同樣,門診手術量的下降與該類別以及無保險自費類別的醫療補助下降有關。因此,今天這兩個類別幾乎可以解釋 100% 的成交量下降。我的意思是,我們公司內部有一個論點,尚未證明透過重新確定過程從醫療補助轉移到交易所的患者在獲得服務時可能處於不同的季節性類別。
So that's a theory we have we'll have to see how that plays out as we move through the balance of the year. But I think it's important to understand that the revenue growth, the service level growth that we've seen in our outpatient surgery business has been solid and produced a pretty good financial outcome for the company.
所以這是我們的理論,我們必須看看在今年剩下的時間裡它會如何發揮作用。但我認為重要的是要了解我們在門診手術業務中看到的收入成長和服務水準成長一直很穩固,並為公司帶來了相當不錯的財務成果。
And if in fact, our thesis is accurate, it should be up better in the second half of the year in the first half of the year. But again, we don't know that for sure, we need to experience this change in our business with this movement from one payer class to the other before we can land on that being the situation.
事實上,如果我們的論點是準確的,那麼下半年應該會比上半年好。但同樣,我們不確定,我們需要經歷業務中的這種變化,從一個付款人階層到另一個付款人階層的轉變,然後才能實現這種情況。
Michael Marks - Chief Financial Officer, Executive Vice President
Michael Marks - Chief Financial Officer, Executive Vice President
Here, I would just add on Medicaid redeterminations. You know, we're about one year into the redetermination process in most of our states. But you remember from last year you really started to gain speed towards the end of last year. So, I don't think you'll sunset our anniversary year into the full Medicaid year over year comparison period until you get closer to the end of the year.

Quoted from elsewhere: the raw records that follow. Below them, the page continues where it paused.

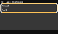 Hvis et dokument skrives ut skjevt eller utenfor det skrivbare området, må du justere utskriftsposisjonen. Du kan justere utskriftsposisjonen for hver papirkilde. Du kan justere utskriftsposisjonen i området -5,0 mm til +5,0 mm i trinn på 0,1 mm.
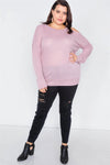Plus Size Mineral Acid Washed Long Sleeve Crew Neck Relaxed Fit TopVendor:New In
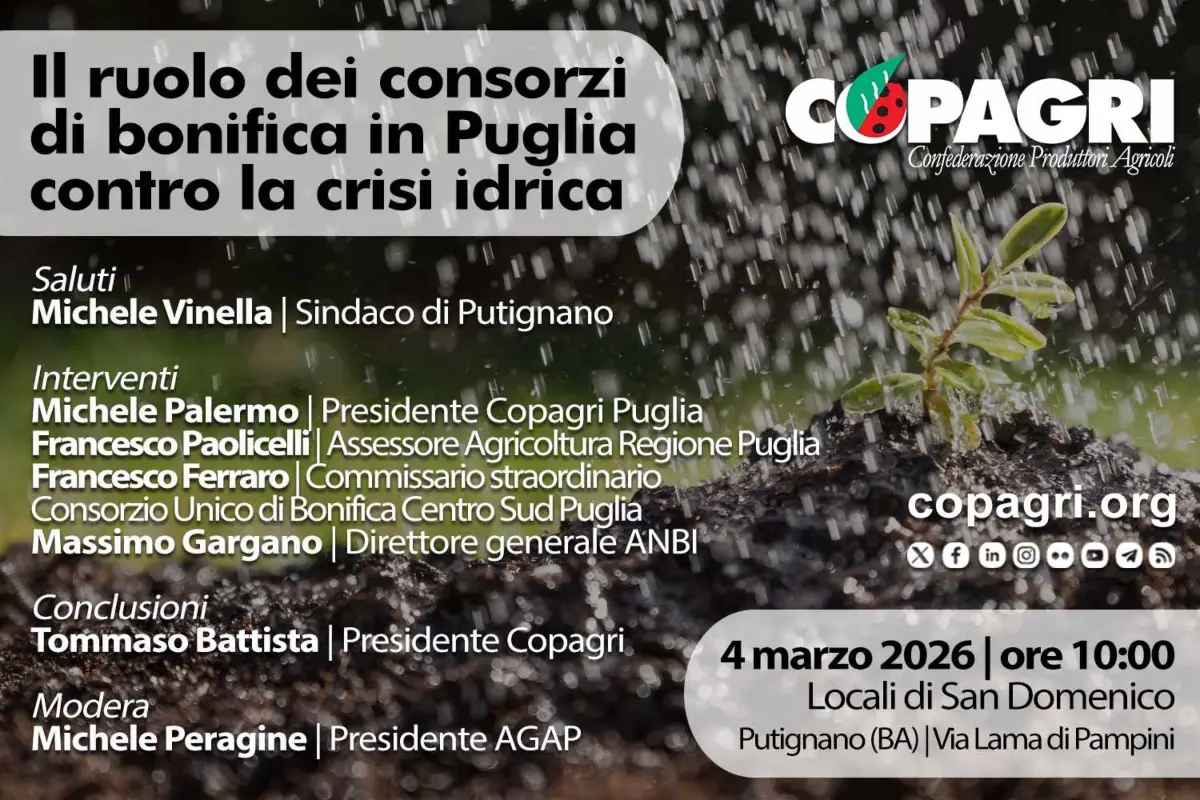 “La mancanza di manutenzione si ripercuote anche sulla quotidianità dei cittadini, sia in termini di viabilità nelle zone rurali che soprattutto di utilizzo e disponibilità della risorsa idrica, condizione a sua volta fondamentale, unitamente alla gestione della risorsa idrica e alla capacità di irrigazione, per la sicurezza alimentare e la disponibilità di cibo”, aggiunge Battista, informando che ai lavori interverranno, fra gli altri, l’assessore all’agricoltura della Regione Puglia Francesco Paolicelli, il commissario straordinario del Consorzio Unico di Bonifica Centro Sud Puglia Francesco Ferraro, il direttore generale dell’AnbiI Massimo Gargano e il presidente della Copagri Puglia Michele Palermo.
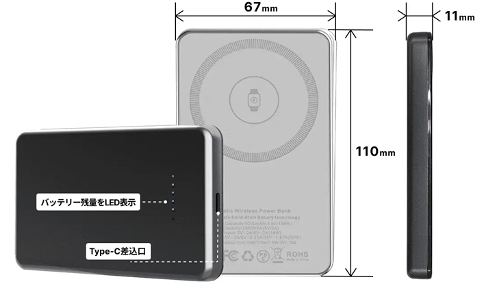 画期的な新技術の準固体電池は、従来のリチウムイオン電池と比べて、標準容量やワイヤレス充電の機能に遜色はありませんが、内部短絡や熱暴走のリスクが大幅に低減し飛躍的に向上した安全性と、充放電サイクル数も多いので、スマホ生活には欠かせないアイテムのモバイルバッテリーに最適です。
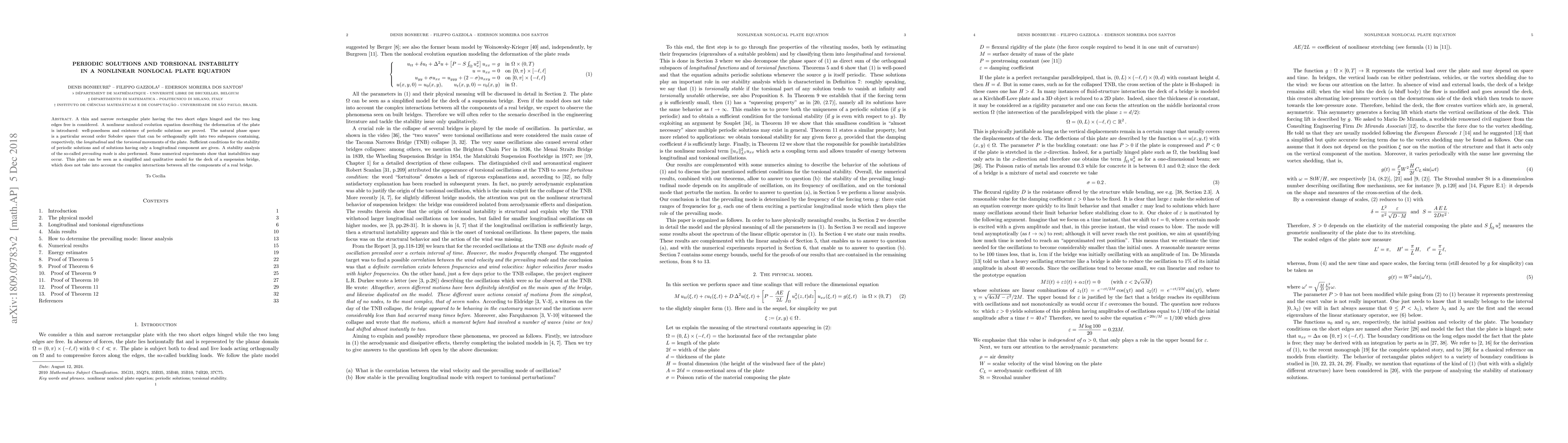 A thin and narrow rectangular plate having the two short edges hinged and the two long edges free is considered. A nonlinear nonlocal evolution equation describing the deformation of the plate is introduced: well-posedness and existence of periodic solutions are proved. The natural phase space is a particular second order Sobolev space that can be orthogonally split into two subspaces containing, respectively, the longitudinal and the torsional movements of the plate. Sufficient conditions for the stability of periodic solutions and of solutions having only a longitudinal component are given. A stability analysis of the so-called prevailing mode is also performed. Some numerical experiments show that instabilities may occur. This plate can be seen as a simplified and qualitative model for the deck of a suspension bridge, which does not take into account the complex interactions between all the components of a real bridge.
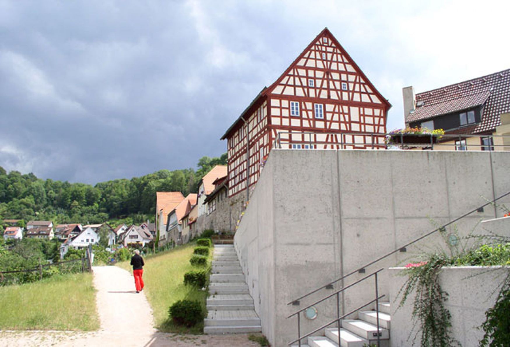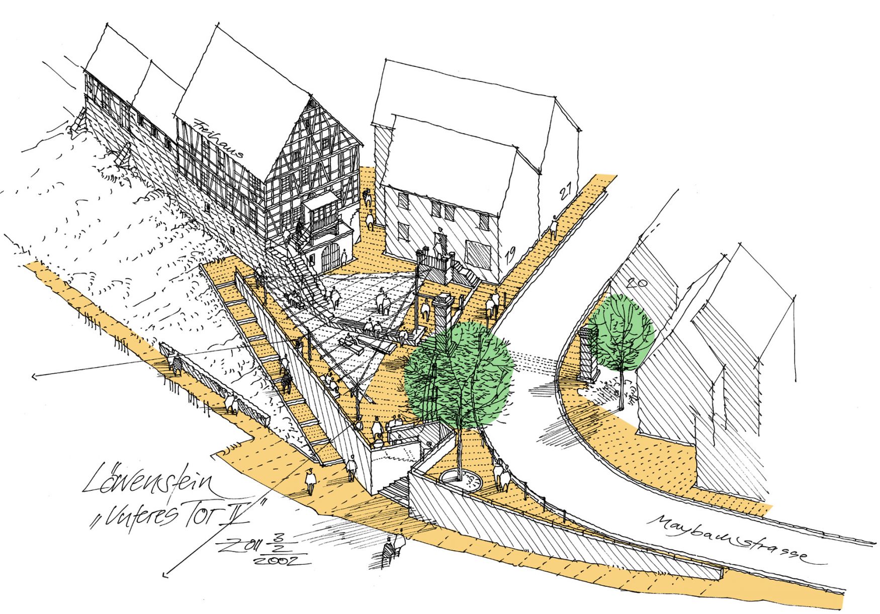 Die abgängige Bebauung am Stadteingang Unteres Tor bietet die Chance zu einer attraktive Aufenthaltsfläche mit spektakulärem Blick in die Landschaft der Löwensteiner Berge. Der Verlauf der Stadtmauer ist durch zwei Platzniveaus ablesbar, wodurch auch die Bereiche innerhalb und außerhalb der Stadtmauer definiert sind. Symbolisch sind zwei Stadttorpfeiler neu errichtet worden. In der Nacht wird die Stadtsilhouette sowie das dominante freigestellte Freihaus weithin aus der umgebenden Landschaft durch eine Lichtinszenierung untermalt.
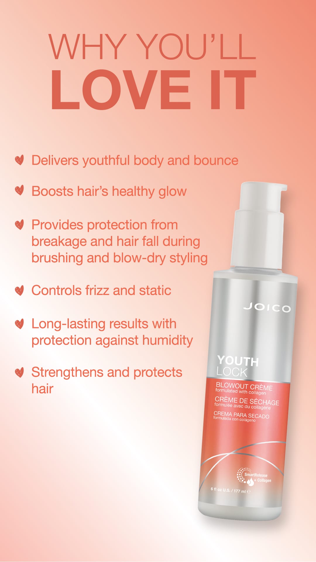 Leyfðu þér að elska hárið þitt, á hvaða aldri sem er með Joico YOUTHLOCK: okkar einstöku línu sem endurheimtir æskufulla lyftingu, gljáa og viðráðanleika; um leið og hárið fær aukinn styrk og ljóma.
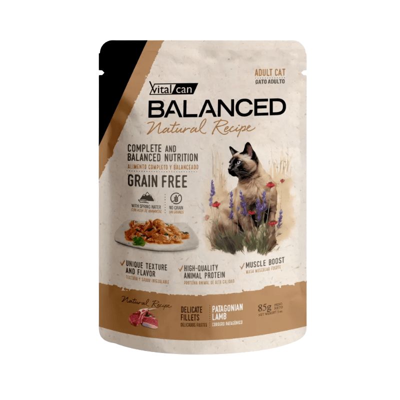 Vital Can Premium Balanced Natural Recipe, Alimento Húmedo para Gato Adulto, Sabor Cordero Patagónico, Sachet de 85 gr
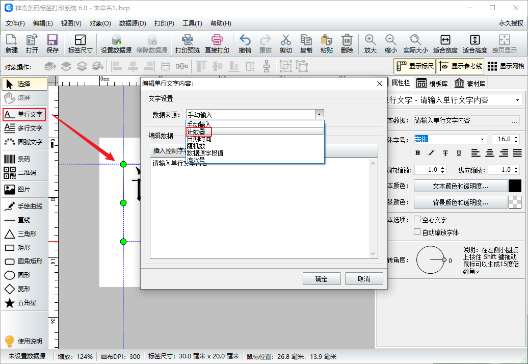 打开条码生成软件,新建一个标签并设置标签的尺寸,点击软件左侧的【单行文字】按钮,在标签上拖拽出一个文本框,在弹出的编辑界面里将数据来源设置为“计数器”。
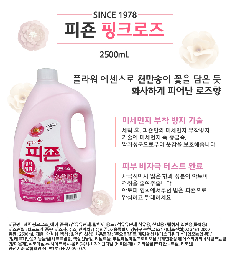 ■ 품명 및 모델명 : 피죤 2500ml 섬유탈취제 로즈블라썸(핑크로즈)
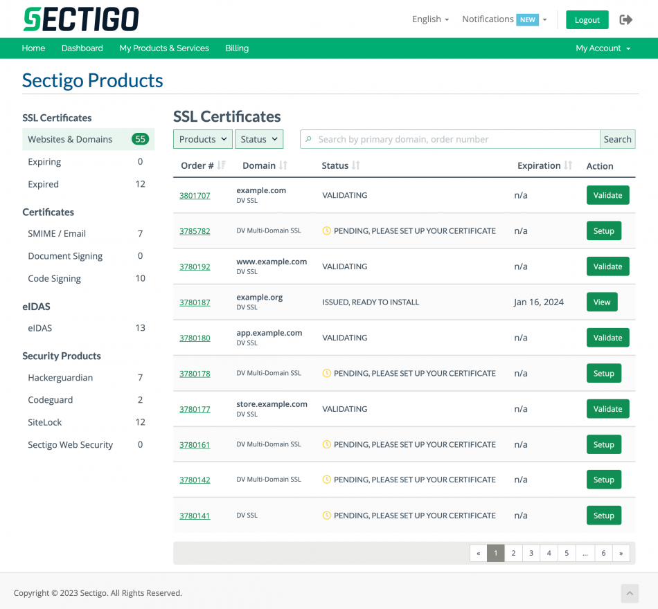 通过我们的客户管理控制台,您可集中管理所有Sectigo安全产品:实时查看证书生命周期状态、执行签发/重签操作、一键续订即将过期的证书。此功能可帮助您 避免证书意外过期导致的网站宕机风险 、节省手动管理的时间成本。
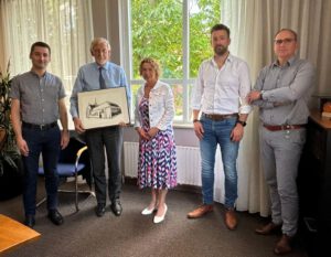 Bij een afscheid hoort een cadeau en dat kreeg hij dan ook van het college. (Helaas waren niet alle collegeleden aanwezig afgelopen dinsdag.) Nu hij weer iets meer tijd krijgt is er wellicht ruimte om de mooie landschapsbiografie van Westerwolde te lezen. De zeefdruk van Het Klooster Ter Apel zal ook vast een mooie plek krijgen in huize Klaassen! Nogmaals dank voor alles Leendert!
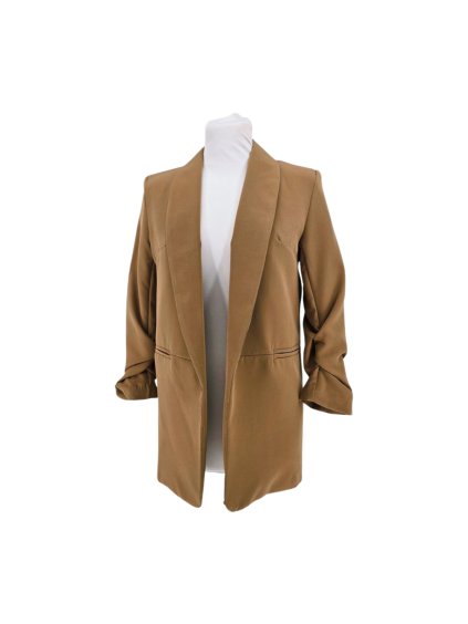 hnědé pružné lehčí sako bez zapínání s podšívkou , rukávy nařasené všitou gumou
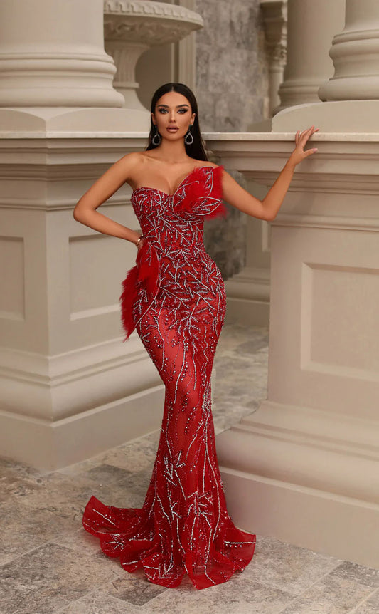 RP1732-Sparkling Red Mermaid Sweetheart Feather Beads Sleeveless Sequins Prom Evening Dresses Formal Party Gowns With Slit

在這裡,我只想補充一下醫療補助的重新確定。你知道,我們大多數州的重新確定過程已經進行了大約一年。但你記得從去年開始,你在去年年底才真正開始加速。因此,我認為在接近年底之前,您不會將我們的周年紀念年納入完整的醫療補助逐年比較期。
Operator
Operator
This now concludes our question-and-answer session. And I'd now like to hand back over to Mr. Frank Morgan for final remarks. Thank you.
我們的問答環節到此結束。現在我想請弗蘭克摩根先生做最後發言。謝謝。
Frank Morgan - Vice President Investor Relations
Frank Morgan - Vice President Investor Relations
Elle, thank you so much for your help today, and thanks for everyone joining our call. We hope you have a great week and a successful earning season. I'm around this afternoon, if I can answer any additional questions you might have. Thank you.
Elle,非常感謝您今天的幫助,也感謝大家加入我們的通話。我們希望您度過愉快的一周和成功的賺錢季節。我今天下午就在,如果我能回答你可能有的任何其他問題。謝謝。
Operator
Operator
Thank you, everyone, for attending today's conference call. You may now disconnect. Have a wonderful day.
謝謝大家參加今天的電話會議。您現在可以斷開連線。祝你有美好的一天。